# Jails and CPU, RAM AND MORE



## Wolfi83 (Sep 14, 2011)

Hello,

If I create some jails on my host system, is there then any loss of CPU, RAM or other? I mean do all running jails need their own RAM? If so, how much and do they need much CPU?


----------



## graudeejs (Sep 14, 2011)

Each jails is like new FreeBSD (except it doesn't need memory for kernel)
But remember, FreeBSD really needs very little memory itself


----------



## Wolfi83 (Sep 14, 2011)

Hi, 

thanks and what is about the cpu usage for every new jail?
does any jail have his own kernel?


----------



## graudeejs (Sep 14, 2011)

No, all jails use hosts kernel (don't ask me how, I'm not into technical details)
Other than kernel and devices, everything else is independent, so yes, programs do use CPU, but it's very lightweight, so don't bother your brain with such question.

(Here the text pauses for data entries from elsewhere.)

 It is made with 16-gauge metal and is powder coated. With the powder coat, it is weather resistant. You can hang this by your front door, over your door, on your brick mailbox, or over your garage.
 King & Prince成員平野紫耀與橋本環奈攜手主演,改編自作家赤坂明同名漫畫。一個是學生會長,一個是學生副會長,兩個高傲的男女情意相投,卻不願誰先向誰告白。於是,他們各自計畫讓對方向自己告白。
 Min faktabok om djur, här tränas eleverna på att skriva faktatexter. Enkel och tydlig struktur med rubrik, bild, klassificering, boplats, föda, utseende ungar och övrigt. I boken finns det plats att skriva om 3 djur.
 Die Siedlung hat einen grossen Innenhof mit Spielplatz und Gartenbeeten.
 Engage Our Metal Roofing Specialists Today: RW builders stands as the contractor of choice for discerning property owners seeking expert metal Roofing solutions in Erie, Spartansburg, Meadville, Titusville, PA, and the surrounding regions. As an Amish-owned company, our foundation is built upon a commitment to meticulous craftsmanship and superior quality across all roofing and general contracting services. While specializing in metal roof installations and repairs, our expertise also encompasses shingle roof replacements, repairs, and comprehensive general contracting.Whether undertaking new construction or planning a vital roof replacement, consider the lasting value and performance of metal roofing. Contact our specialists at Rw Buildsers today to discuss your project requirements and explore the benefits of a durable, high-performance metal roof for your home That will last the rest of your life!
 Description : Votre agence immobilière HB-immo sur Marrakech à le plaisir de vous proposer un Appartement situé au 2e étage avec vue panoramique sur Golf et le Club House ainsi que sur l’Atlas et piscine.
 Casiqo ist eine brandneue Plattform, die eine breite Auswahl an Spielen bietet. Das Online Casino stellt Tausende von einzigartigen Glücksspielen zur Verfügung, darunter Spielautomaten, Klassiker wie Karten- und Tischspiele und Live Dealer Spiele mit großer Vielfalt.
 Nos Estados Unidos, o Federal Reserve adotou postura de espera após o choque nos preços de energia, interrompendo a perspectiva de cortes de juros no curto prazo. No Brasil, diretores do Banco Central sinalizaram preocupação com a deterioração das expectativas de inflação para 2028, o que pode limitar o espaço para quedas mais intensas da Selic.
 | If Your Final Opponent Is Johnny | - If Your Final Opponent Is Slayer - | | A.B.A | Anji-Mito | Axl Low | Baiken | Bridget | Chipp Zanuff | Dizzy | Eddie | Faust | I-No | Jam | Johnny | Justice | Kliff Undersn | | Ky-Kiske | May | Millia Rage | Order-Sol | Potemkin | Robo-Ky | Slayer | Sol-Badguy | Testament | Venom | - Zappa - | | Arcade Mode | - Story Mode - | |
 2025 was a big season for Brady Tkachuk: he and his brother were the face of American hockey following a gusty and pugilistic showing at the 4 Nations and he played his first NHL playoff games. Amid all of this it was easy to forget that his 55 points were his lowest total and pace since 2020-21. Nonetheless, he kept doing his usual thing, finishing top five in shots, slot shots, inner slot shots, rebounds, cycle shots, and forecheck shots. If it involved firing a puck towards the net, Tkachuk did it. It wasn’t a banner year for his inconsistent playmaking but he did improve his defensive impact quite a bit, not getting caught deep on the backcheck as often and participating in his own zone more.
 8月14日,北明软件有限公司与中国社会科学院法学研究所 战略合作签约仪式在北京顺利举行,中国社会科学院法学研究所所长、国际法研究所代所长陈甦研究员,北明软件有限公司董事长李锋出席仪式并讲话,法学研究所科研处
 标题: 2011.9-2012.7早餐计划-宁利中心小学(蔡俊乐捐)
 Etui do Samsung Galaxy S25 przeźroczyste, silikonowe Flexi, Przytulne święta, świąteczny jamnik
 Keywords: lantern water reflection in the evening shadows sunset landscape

Just try it


----------



## da1 (Sep 14, 2011)

The jail itself has no overhead, in terms of CPU, RAM, etc but these are directly dependent on the application running inside the jail. For instance, if you plan on having a large NAS, expect high HDD utilization. On the other hand, if you plan on running munin inside the jail (with many nodes), expect high CPU usage (due to graph computation).

Again, the amount of resources used by the jail is directly dependent on the application(s) running inside it.


----------



## Wolfi83 (Sep 14, 2011)

thanks i just want to run mysql, apache and other in a extra jail not a nas 

thanks


----------